Saturday 3 October 2009

More on histograms

Someone asked me whether it would be possible to make a histogram that looks like those that MS Office can create: filled with gradient, casting a shadow, and labelled according to their value. Frankly, I just couldn't admit defeat, and I had to figure out a way. But then, it turned out to be rather simple, so I thought that I would share it here. We are going to make this figure




from this data, called 'msbar.dat'
Max 1.0 1.0 1.2
Min 0.9 0.2 0.95
Avg 0.95 0.5 1.1


I have already discussed a way to beefing up the histograms (It was titled Shiny histograms, or something similar.), but I must say, that method is a bit convoluted. The reason for this is that we used a parametric plot. We can avoid that by plotting to a file first, and then plotting the file as many times as needed. We can't save the trouble of having to read our data file, but this is rather simple. We can do that either by employing a very primitive external script, or writing the script in gnuplot, as we discussed it in, say, the post on the recession graph. Given that we haven't got to process any data, this latter method is probably less desirous. Gnuplot is not for printing lines and the like, after all.
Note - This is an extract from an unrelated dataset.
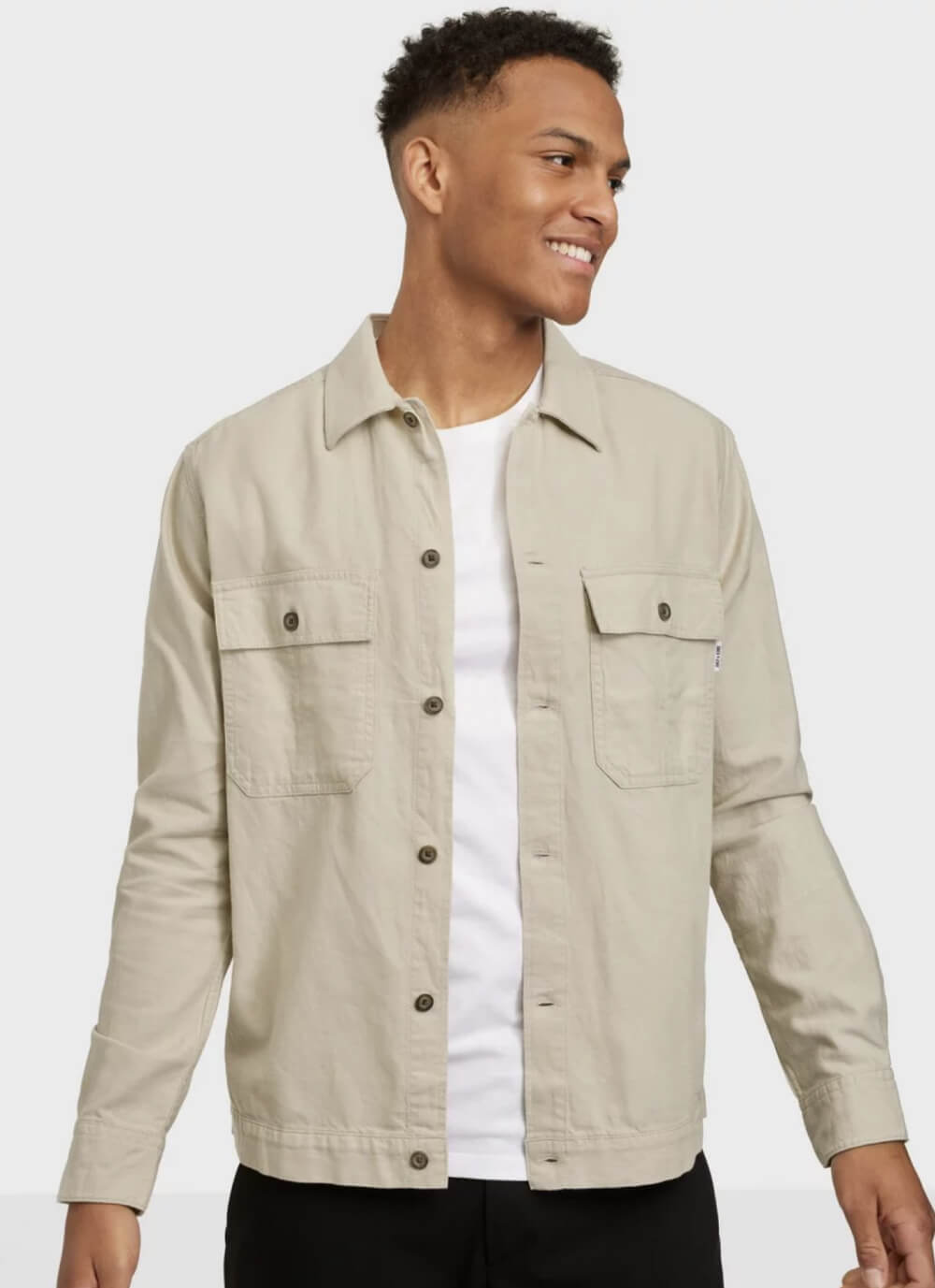 The button-up front and classic collar create a structured look, while the long sleeves and straight hem offer ease of movement. Featuring two front chest pockets with button fastening, this jacket works well as an outer layer or lightweight overshirt across casual and smart-casual settings.

After the introduction, let us see the script!
reset
# First, the gradient for the bars
set xrange [0:1]; set yrange [0:1]; set isosample 2, 200
set table 'msbar_bar.dat'
splot y
unset table

# Then we make the shadow
set isosample 200, 50
set table 'msbar_bar_sh.dat'
splot (1.0-exp((x-1.0)*20.)) #*(1.0-exp((y-1.0)*20.0))
unset table

reset
unset key; unset colorbox
xw = 0.2; set boxwidth xw; sh = 0.03
gf(x) = x*x*x*x #change this, if a tighter gradient is needed
set cbrange [0:7]
set xrange [-0.5:2.5]
set yrange [0:1.4]
set grid ytics lw 0.5 lc rgb "#868686"
set xtics nomirror
set ylabel 'Performance [a.u.]'
set palette defined (0 '#e0e8f5', 1 '#31bd71', 2 '#e0e8f5', 3 '#d99795', 4 '#e0e8f5', 5 '#9ab5e4', 6 "#ffffff", 7 "#a2a2a2")
plot 'msbar.dat' u 0:(0):xticlabel(1) w l, \
'' u ($0-xw):($2+0.1):(stringcolumn(2)) w labels, \
'' u ($0):($3+0.1):(stringcolumn(3)) w labels, \
'' u ($0+xw):($4+0.1):(stringcolumn(4)) w labels, \
'msbar_bar_sh.dat' u ($1*xw-1.5*xw+sh):($2*1.0-sh):($3+6.0) w ima, \
'' u ($1*xw-.5*xw+sh):($2*1.0-sh):($3+6.0) w ima, \
'' u ($1*xw+.5*xw+sh):($2*1.2-sh):($3+6.0) w ima, \
'' u ($1*xw-1.5*xw+sh+1):($2*0.9-sh):($3+6.0) w ima, \
'' u ($1*xw-.5*xw+sh+1):($2*0.2-sh):($3+6.0) w ima, \
'' u ($1*xw+.5*xw+sh+1):($2*0.95-sh):($3+6.0) w ima, \
'' u ($1*xw-1.5*xw+sh+2):($2*0.95-sh):($3+6.0) w ima, \
'' u ($1*xw-.5*xw+sh+2):($2*0.5-sh):($3+6.0) w ima, \
'' u ($1*xw+.5*xw+sh+2):($2*1.1-sh):($3+6.0) w ima, \
'msbar_bar.dat' u ($1*xw-1.5*xw):($2*1.0):(gf($3)) w ima, \
'' u ($1*xw-.5*xw):($2*1.0):(gf($3)+2.0) w ima, \
'' u ($1*xw+.5*xw):($2*1.2):(gf($3)+4.0) w ima, \
'' u ($1*xw-1.5*xw+1):($2*0.9):(gf($3)) w ima, \
'' u ($1*xw-.5*xw+1):($2*0.2):(gf($3)+2.0) w ima, \
'' u ($1*xw+.5*xw+1):($2*0.95):(gf($3)+4.0) w ima, \
'' u ($1*xw-1.5*xw+2):($2*0.95):(gf($3)) w ima, \
'' u ($1*xw-.5*xw+2):($2*0.5):(gf($3)+2.0) w ima, \
'' u ($1*xw+.5*xw+2):($2*1.1):(gf($3)+4.0) w ima, \
'msbar.dat' u ($0-xw):2 w boxes lt -1 lw 0.5 lc rgb "#4f81bd", \
'' u ($0):3 w boxes lt -1 lw 0.5 lc rgb "#4f81bd", \
'' u ($0+xw):4 w boxes lt -1 lw 0.5 lc rgb "#4f81bd"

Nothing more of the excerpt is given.